The Anatomy of Home: Why Vashon’s delightful, and other places aren’t

Array

By WILL NORTH

For The Beachcomber

Rarely, rarely comest thou.

Spirit of Delight

— Percy Bysshe Shelley

I made my first visit to Port Orchard the other day. I rather wish I hadn’t. Port Orchard is, in a sense, the quintessential American small town: its approaches are lined with shopping strips, fast food joints and big box superstores, but its core is dying.

You know a community is struggling when secondhand shops pretending to be antiques stores outnumber the kind of retailers that residents actually need: a pharmacy, a grocery store, a dry cleaners, a variety shop.

I don’t think I’m alone when I say that I find such places depressing. But why do I feel that way? What makes some places dispiriting and others — like Vashon — simply delightful?

This is the fifth in a series of columns I’m calling, “The Anatomy of Home.” In earlier columns we’ve looked at Place, Shape, Beauty and Comfort as components of “home.” Today we explore Delight.

It is an unfortunate fact of life in America today that the places where we live often do not delight us at all; they’re simply where we go at the end of the workday.

But let’s say you and your family decide to spend a pleasant weekend somewhere else; where do you decide to go? My guess it’s someplace that is delightful to you, a place that you find pleasurable and comforting in some way, a place that seems reassuring and validating of some sense you have of “rightness.”

Ever wonder what it is about such places that makes them feel delightful? You’d think that it was something ephemeral, almost magical, wouldn’t you?

It’s not. It’s predictable. Because delightful places have two things in common other places don’t share.

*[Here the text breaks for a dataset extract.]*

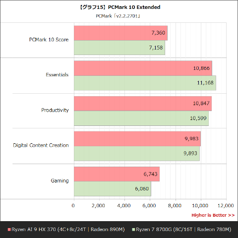 総合スコアで7,360を記録したRyzen AI 9 HX 370が、7,158のRyzen 7 8700Gを約3%上回った。サブスコアについても、EssentialsでRyzen 7 8700Gを約3%下回っているものの、ほかの項目では1~11%上回っており、特にGPU性能が重要なGamingでは最大のスコア差をつけてRyzen 7 8700Gを上回った。

They have roughly equal portions of order and complexity.

Here’s what I mean: Let’s say you climb to the top of a church steeple in an old community in northern New England, or a hill town in Italy, or a fishing port in England, to name but a few.

What do you see? If you look carefully, you see a certain orderliness in the way buildings are constructed and the community is composed. They’re made of similar and largely local materials. There are things that tie them together — their roofs, for example: cedar shingles in New England, red tiles in Italy, gray slate in England. But there is also complexity in the variations among each of the buildings in the community and the way they are distributed within the townscape. They are both distinct and also a part of a whole; they knit together easily, almost seamlessly, but don’t lose their character.

Places that have one of these characteristics, but not both, are not delightful. When there is order, but no complexity, for example, the result is boredom.

After World War II, Arthur Leavitt built Leavittowns for returning soldiers and their families, vast subdivisions composed of inexpensive and identical houses on identical lots.

The economics of such developments were such that building them was like printing money for the developers, and they spread like wildfire, and still do.

Malvina Reynolds’s song, “Little Boxes,” captured the aesthetic, such as it was: “Little boxes made of ticky-tacky and they all look just the same.”

What was missing was complexity. But the reverse — complexity without order — is just as deadening. That’s what strip development yields. As you approach Port Orchard (and the majority of communities in America), you have complexity run amok. There are so many shopping strips and so many signs telling you what’s there and demanding your attention that you actually can’t take all the information in. There is no order by which to make sense of it.

Now, consider Vashon. You get off the ferry and drive south on the highway, and the structures you see, nestled amongst the trees, while they differ, also are orderly in that they tend to be of similar scale and are built with similar materials. (Oh sure, we have our McMansions, but they’re well hidden.)

You arrive in Vashon center, and what you find is a cluster of businesses mostly modest in scale, varied in construction, yet nonetheless companionable. And the necessities of living are provided in a concise, walkable arrangement — in short, a community.

There are grocers, bakers, banks, cafés, restaurants, bookstores, hardware stores, gift shops, a pharmacy, gas station, bike shop, insurance and real estate agents, florists, an eye clinic, a veterinary clinic, a holistic health center, the library, post office, consignment shops, the farmers’ market and on and on.

Not to mention people you look forward to seeing and speaking with every day: Glen and his tricycle, the chap who sweeps the sidewalk outside the pharmacy, the woman who always dresses in purple and many more.

There it is: order and complexity, side by side. And one more thing: enticement — the sense that just around the next corner there will be some pleasant surprise: something new in a shop window, a neighbor you haven’t seen for a while, a patiently waiting dog, all the tiny little elements which, when combined in just the right proportion, yield that ineffable quality of home called…

Delight.

As Shelley said, it comes rarely. But we have it here.

— Will North is an Islander and author.